Charles Switzer, 43, was among the people trapped in the stampede. He said he was standing right beside the 33-year-old woman who died in the surge and saw her get trampled.

“Everybody was just walking and walking, and the next thing you know, people were saying, ‘They’re shooting, they’re shooting, I heard gunshots,’” Switzer said. “I never heard any gunshot, not one time. All I know is people started rushing to the door.”
The Rochester Police Department is investigating whether a shooting took place at the event, but officers have yet to find evidence that one happened.. Meanwhile, concert-goers have speculated that a confetti gun fired from the stage touched off the surge.

Switzer said he felt as if he was being “pushed by a stream of water” as the crowd tried to force its way through one of only two doors open at the time of the surge.

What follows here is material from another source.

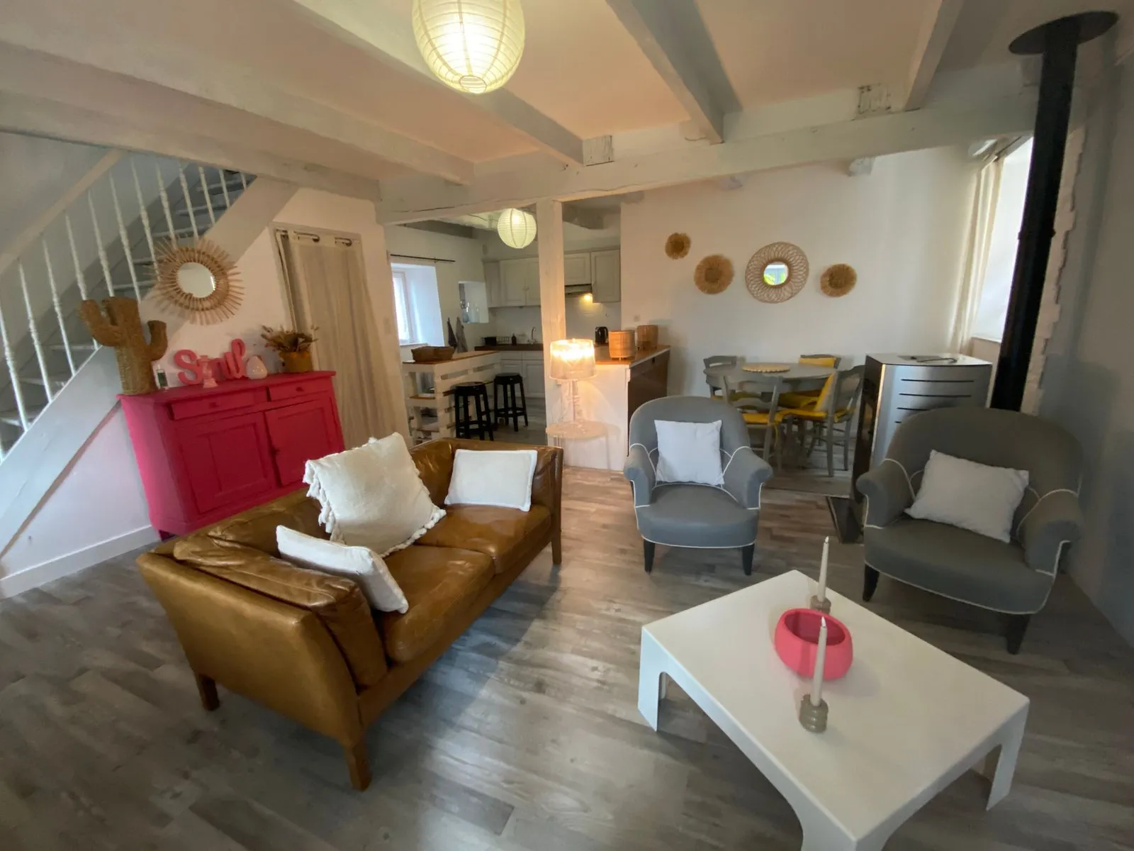 Au rez-de-chaussée : buanderie (lave-linge / WC), coin-cuisine (lave-vaisselle) / Séjour (canapé, télévision, accès internet / wifi, poêle à granulés). Au 1er étage : 1 chambre (1 lit 140) avec accès à un autre WC, 1 chambre (1 lit 140) avec accès à la salle d’eau (1 vasque, douche et baignoire), Chauffage complet électrique, cour close dallée privée (10m²), parking communal à 50m, salon de jardin, plancha.

He said he hurt his wrist during the incident and felt Monday like he was “trampled by 30 horses.”

“I don’t even know how I made it out of that,” Switzer said. “I wouldn’t allow myself to fall to my chest, I was on my hands and knees, but I had like five or six people on top of me trying to crawl out of there.”

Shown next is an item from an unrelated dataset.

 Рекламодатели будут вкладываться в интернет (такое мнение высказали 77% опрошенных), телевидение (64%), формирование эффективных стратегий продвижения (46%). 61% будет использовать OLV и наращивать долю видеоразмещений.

Switzer said he will never go to a concert again unless it’s outside.

In a Twitter post, GloRilla offered prayers to those injured at the concert.

In a Facebook post, concert promoter RMG Entertainment offered condolences, and asked for assistance in getting in touch with the deceased’s family.

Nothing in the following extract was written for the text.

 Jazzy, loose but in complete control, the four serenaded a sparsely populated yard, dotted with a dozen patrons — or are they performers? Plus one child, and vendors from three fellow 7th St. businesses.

“Really breaks my heart that such a dope night ended in such tragedy,” the post reads. “After the police investigation there was no evidence of shots fired, so we are still working closely to figure out what exactly led to these unfortunate events.”

In August, the Armory was forced to cancel a metal show featuring Anthrax, Black Label Society, and Hatebreed, as the stage began to buckle during Hatebreed’s set.

After that incident, Anthrax bassist Scott Ian put the blame squarely on the Armory for the canceled show.

"Rochester we didn't want to cancel, we had to,” Ian said in a Twitter post. “The stage was broken, the venue did not fix it and it was not safe to continue the show.”

The Main Street Armory is owned by Scott Donaldson and is one of the larger venues in town, with just under 100,000 square feet of space inside the auditorium building. According to city of Rochester property records, the building currently has two outstanding code violations, although the types of violations are not listed.
Smith, in the news conference, stressed that the investigation is in an early stage, and there has been no determination of wrongdoing.

“We are hearing many reports of potential causes, including crowd size, shots fired, pepper spray, and more,” Smith said. “Our investigators are interviewing surviving victims, concert-goers, security, and everyone else that has potential information as to what led to this tragedy.”
Evans, meanwhile, stressed that there will be accountability, noting the mayor’s office has the power to shut down any venue if it is deemed a safety risk. However, he was unclear if that course of action would be taken.
The next concert at the Armory is rapper A Boogie Wit Da Hoodie, slated for this Saturday.

“When you have a popular artist, you’re going to have a large crowd,” Evans said. “So the question will be were the appropriate actions taken? It’s too early to say, but I will say that we have a history in my administration of holding venues accountable.”